Brief:
Repeat every line of the data exactly; no picture belongs in the copy.

Data extract:
%%
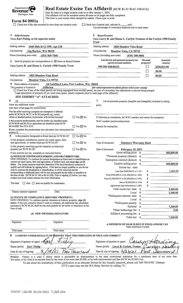 | 2 | 01/29/2021 | QCD | Quit Claim Deed | GERALD T CRUSON TRUSTEE | FAITH KAREN ALDENE MORGAN TRUST | | | | 136249 | |
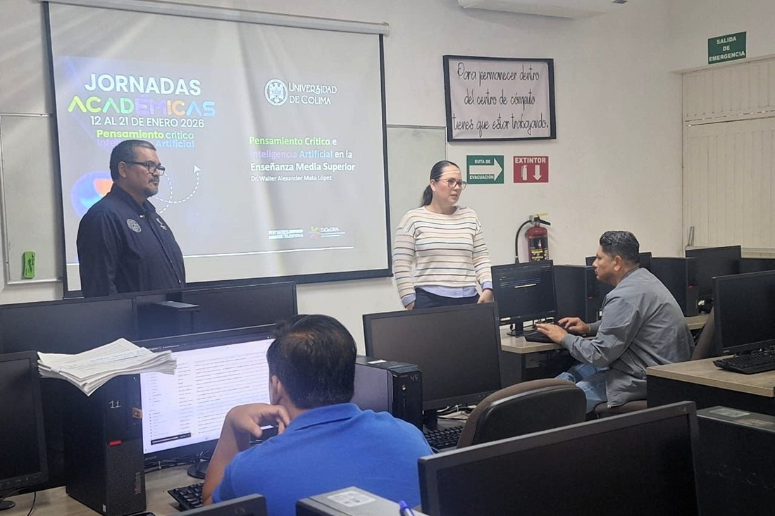 Profesores y profesoras del Bachillerato 30 de la Universidad de Colima (UdeC) manifestaron su interés por profundizar en el uso de herramientas de inteligencia artificial (IA) aplicadas a la enseñanza, tras participar en el taller “Pensamiento crítico e inteligencia artificial en la enseñanza de nivel medio superior”, realizado en el marco de las Jornadas Académicas 2026.
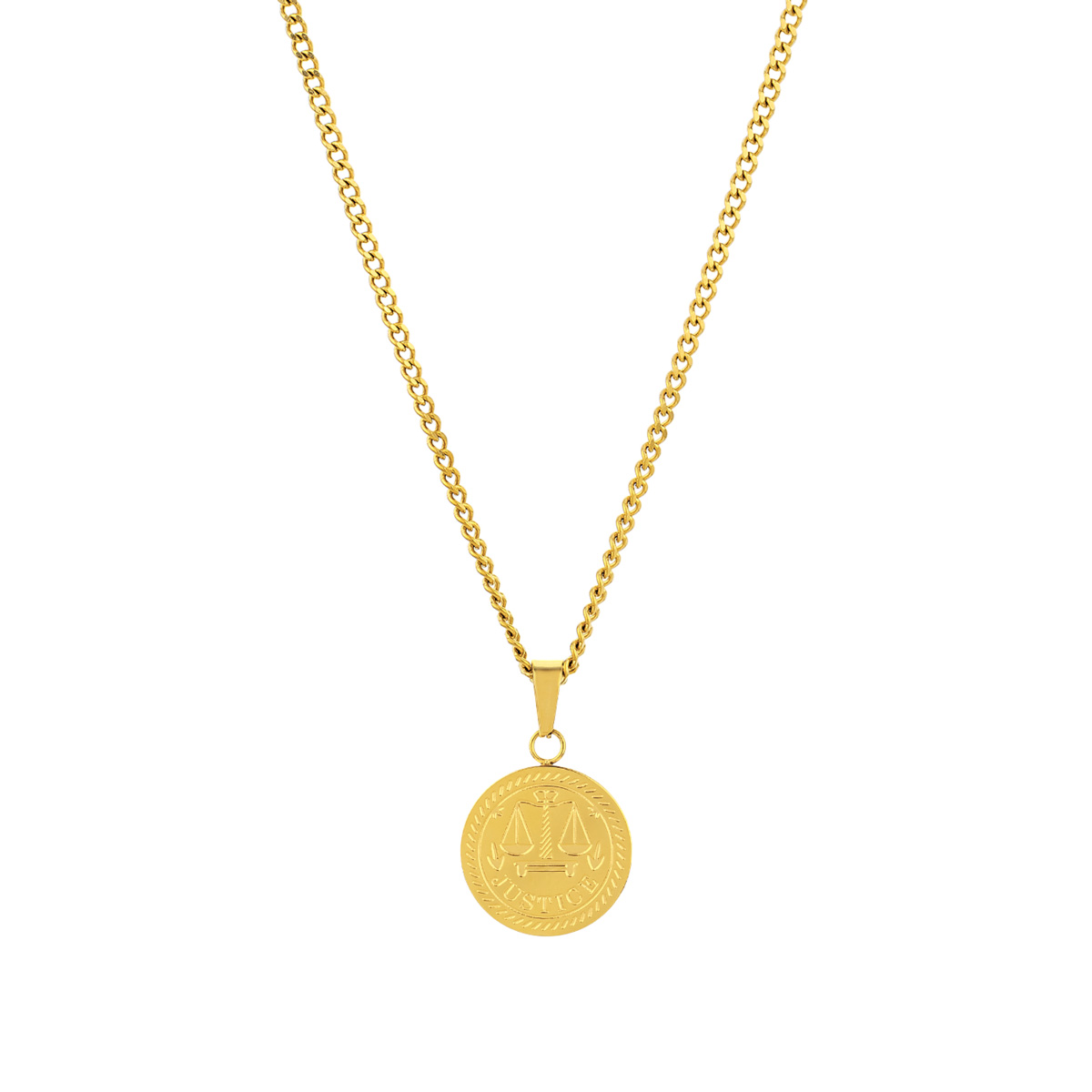 Colar masculino em aço inoxidável com um pendente em formato de medalha, gravado com a icônica balança da justiça. Esta peça simboliza equilíbrio, equidade e determinação, sendo perfeita para homens que valorizam esses princípios. O design refinado e resistente oferece sofisticação e estilo, ideal para complementar qualquer visual.
%%
Task result:
 | 2 | 01/29/2021 | QCD | Quit Claim Deed | GERALD T CRUSON TRUSTEE | FAITH KAREN ALDENE MORGAN TRUST | | | | 136249 | |
 Profesores y profesoras del Bachillerato 30 de la Universidad de Colima (UdeC) manifestaron su interés por profundizar en el uso de herramientas de inteligencia artificial (IA) aplicadas a la enseñanza, tras participar en el taller “Pensamiento crítico e inteligencia artificial en la enseñanza de nivel medio superior”, realizado en el marco de las Jornadas Académicas 2026.
 Colar masculino em aço inoxidável com um pendente em formato de medalha, gravado com a icônica balança da justiça. Esta peça simboliza equilíbrio, equidade e determinação, sendo perfeita para homens que valorizam esses princípios. O design refinado e resistente oferece sofisticação e estilo, ideal para complementar qualquer visual.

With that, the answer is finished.